Source material.
--- START ---

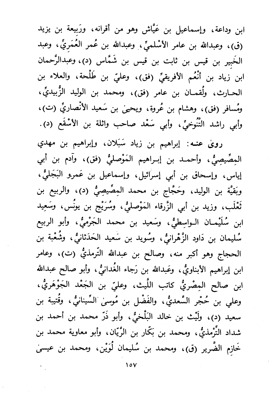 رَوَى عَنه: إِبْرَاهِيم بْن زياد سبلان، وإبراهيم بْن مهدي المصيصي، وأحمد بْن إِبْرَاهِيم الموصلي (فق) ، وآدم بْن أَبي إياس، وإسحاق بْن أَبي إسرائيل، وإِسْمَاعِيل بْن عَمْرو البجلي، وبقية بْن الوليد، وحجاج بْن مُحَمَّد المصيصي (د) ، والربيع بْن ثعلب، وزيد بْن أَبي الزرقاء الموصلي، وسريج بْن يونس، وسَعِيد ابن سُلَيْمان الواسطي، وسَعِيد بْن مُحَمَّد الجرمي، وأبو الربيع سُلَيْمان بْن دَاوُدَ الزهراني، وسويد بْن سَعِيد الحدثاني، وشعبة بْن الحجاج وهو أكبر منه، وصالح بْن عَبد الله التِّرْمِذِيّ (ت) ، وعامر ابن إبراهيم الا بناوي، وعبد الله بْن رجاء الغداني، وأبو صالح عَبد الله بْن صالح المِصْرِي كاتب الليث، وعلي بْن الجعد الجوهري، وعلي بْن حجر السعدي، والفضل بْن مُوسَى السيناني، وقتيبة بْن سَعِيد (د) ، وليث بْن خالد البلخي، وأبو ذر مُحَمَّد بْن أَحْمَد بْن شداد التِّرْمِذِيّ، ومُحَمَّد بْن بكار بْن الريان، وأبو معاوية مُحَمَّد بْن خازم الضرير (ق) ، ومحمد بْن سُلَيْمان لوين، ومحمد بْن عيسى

--- END ---
--- START ---

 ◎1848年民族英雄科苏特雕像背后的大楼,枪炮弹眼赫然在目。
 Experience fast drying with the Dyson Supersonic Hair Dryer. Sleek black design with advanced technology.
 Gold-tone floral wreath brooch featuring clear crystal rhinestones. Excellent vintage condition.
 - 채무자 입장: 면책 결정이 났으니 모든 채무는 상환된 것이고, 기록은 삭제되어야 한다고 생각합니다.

--- END ---

Exercise requirements.
From the records above, transcribe without alteration every line from the one with "Experience fast drying" to the one with "- 채무자 입장: 면책", inclusive.

Exercise answer.
 Experience fast drying with the Dyson Supersonic Hair Dryer. Sleek black design with advanced technology.
 Gold-tone floral wreath brooch featuring clear crystal rhinestones. Excellent vintage condition.
 - 채무자 입장: 면책 결정이 났으니 모든 채무는 상환된 것이고, 기록은 삭제되어야 한다고 생각합니다.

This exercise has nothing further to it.